Тиамак пришел в себя и увидел, что небо стало красным, как кровь, над болотом разгуливал горячий ветер, и ему показалось, будто пылающее небо пробралось ему в голову – и она горит, точно горшок, только что вынутый из печи для обжига. Пальцами, неуклюжимыми, как кусочки дерева, он взял запасную набедренную повязку со дна лодки и перевязал изувеченную ногу, он не знал, насколько сильно она пострадала, – от колена до ступни нога была залита кровью. Он отчаянно старался сохранить сознание, чувствуя, что находится на грани обморока, и равнодушно думая о том, когда снова сможет ходить, а потом подполз к борту лодки и потянул к себе леску, все еще уходившую в воду. Из последних сил он сумел перевалить серебряную рыбу через корму и бросил ее на дно лодки, рядом с собой. Глаза у рыбы были открыты, как и рот, будто она пыталась задать Смерти вопрос.
Тиамак перевернулся на спину, посмотрел в фиолетовое небо и тут услышал далекий гром. По его лихорадочно горевшей коже ударили первые капли дождя. Тиамак улыбнулся и снова погрузился в темноту.
Изгримнур встал со скамьи, подошел к камину и повернулся так, чтобы погреть спину. Он собирался вскоре отправиться спать, но сначала хотел погрузиться в теплое облако и только потом вернуться в проклятую келью, где у него мерзла даже задница.

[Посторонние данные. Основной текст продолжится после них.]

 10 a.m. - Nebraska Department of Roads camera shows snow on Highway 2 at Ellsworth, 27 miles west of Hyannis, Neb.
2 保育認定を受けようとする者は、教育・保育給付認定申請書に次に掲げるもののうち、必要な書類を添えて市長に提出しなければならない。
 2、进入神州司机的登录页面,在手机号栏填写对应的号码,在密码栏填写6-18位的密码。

Он прислушивался к приглушенным разговорам – в общей комнате собралось много народа – и восхищался разнообразием языков и акцентов. Санцеллан Эйдонитис сам по себе являлся отдельным миром, даже в большей степени, чем Хейхолт, но герцогу ни на шаг не удалось приблизиться к своей цели, хотя разговоры здесь велись на самые разные темы.

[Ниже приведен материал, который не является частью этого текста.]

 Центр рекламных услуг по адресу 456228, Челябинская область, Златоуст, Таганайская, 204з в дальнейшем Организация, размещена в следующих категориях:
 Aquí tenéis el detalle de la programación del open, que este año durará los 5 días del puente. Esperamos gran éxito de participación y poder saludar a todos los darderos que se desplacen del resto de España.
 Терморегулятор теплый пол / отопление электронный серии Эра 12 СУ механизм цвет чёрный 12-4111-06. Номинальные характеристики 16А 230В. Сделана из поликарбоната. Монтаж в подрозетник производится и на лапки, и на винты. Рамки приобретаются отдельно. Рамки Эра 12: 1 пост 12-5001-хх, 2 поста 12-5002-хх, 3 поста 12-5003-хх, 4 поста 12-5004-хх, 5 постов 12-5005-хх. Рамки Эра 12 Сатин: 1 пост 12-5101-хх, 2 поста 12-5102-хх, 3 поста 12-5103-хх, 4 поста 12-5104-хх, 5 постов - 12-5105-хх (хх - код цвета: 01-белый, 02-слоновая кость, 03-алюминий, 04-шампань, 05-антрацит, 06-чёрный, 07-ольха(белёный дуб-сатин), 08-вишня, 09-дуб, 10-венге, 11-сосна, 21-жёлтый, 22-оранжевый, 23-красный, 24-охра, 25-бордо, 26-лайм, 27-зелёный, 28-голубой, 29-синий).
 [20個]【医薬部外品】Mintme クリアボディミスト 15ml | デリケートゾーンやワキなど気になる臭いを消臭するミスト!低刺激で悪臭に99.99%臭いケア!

Изгримнур бродил почти все утро и день по бесконечным залам, пытаясь узнать хоть что-нибудь о подозрительной паре монахов или получить хоть какие-то сведения, которые помогли бы ему выйти на след Мириамель. Но поиски не принесли успеха, лишь напомнили о могуществе Матери Церкви. Он был так огорчен из-за невозможности узнать, где находится принцесса, что ближе к вечеру окончательно покинул Санцеллан Эйдонитис.

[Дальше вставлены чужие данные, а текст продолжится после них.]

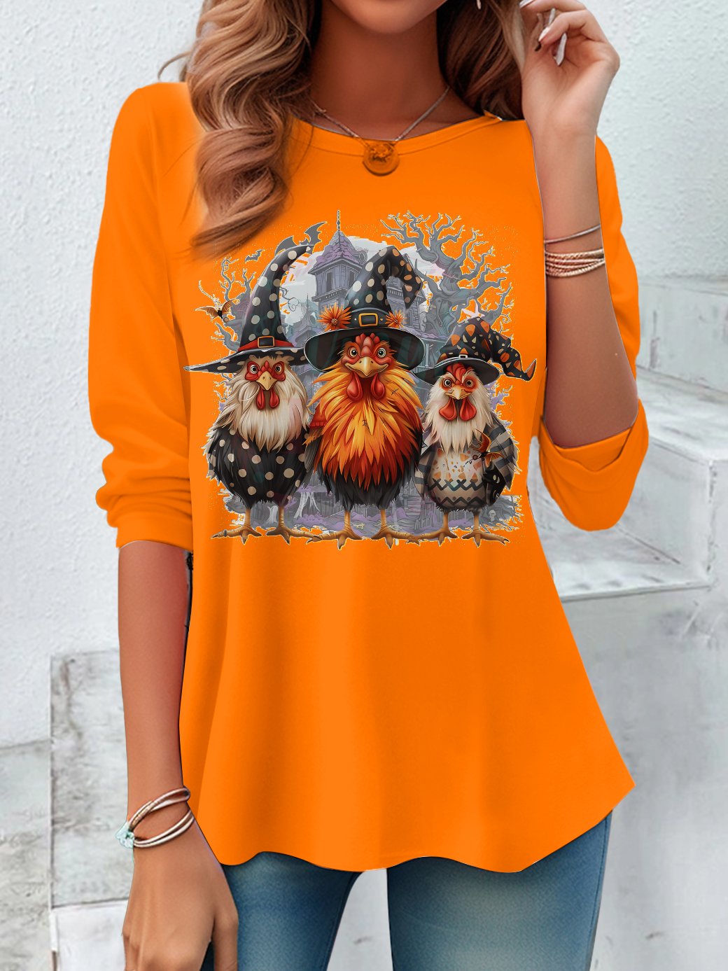 Loose Long Sleeve Crew Neck Halloween Vintage Regular Blouse

Герцог поужинал в гостинице, расположенной по пути к горе Санцеллан, и неспешно зашагал к Залу Фонтанов, чего не делал уже много лет. Они с Гутрун посетили фонтаны в первый раз перед свадьбой, когда прибыли в Наббан во время традиционного брачного паломничества, принятого в семье Изгримнура. Ослепительная игра воды и непрерывная музыка наполнили его приятной меланхолией, хотя его по-прежнему наполняли тоска и тревога за жену, впервые за последние несколько недель он мог думать о ней, не чувствуя одуряющей боли. Она наверняка в безопасности – как и Изорн. Он говорил себе, что должен в это верить, – ничего другого ему не оставалось. Остальная часть его семьи, другой сын и две дочери остались на попечении опытного тана Тоннруда в Скогги. В тех случаях, когда все становилось неопределенным, нужно было верить в милосердие Господа.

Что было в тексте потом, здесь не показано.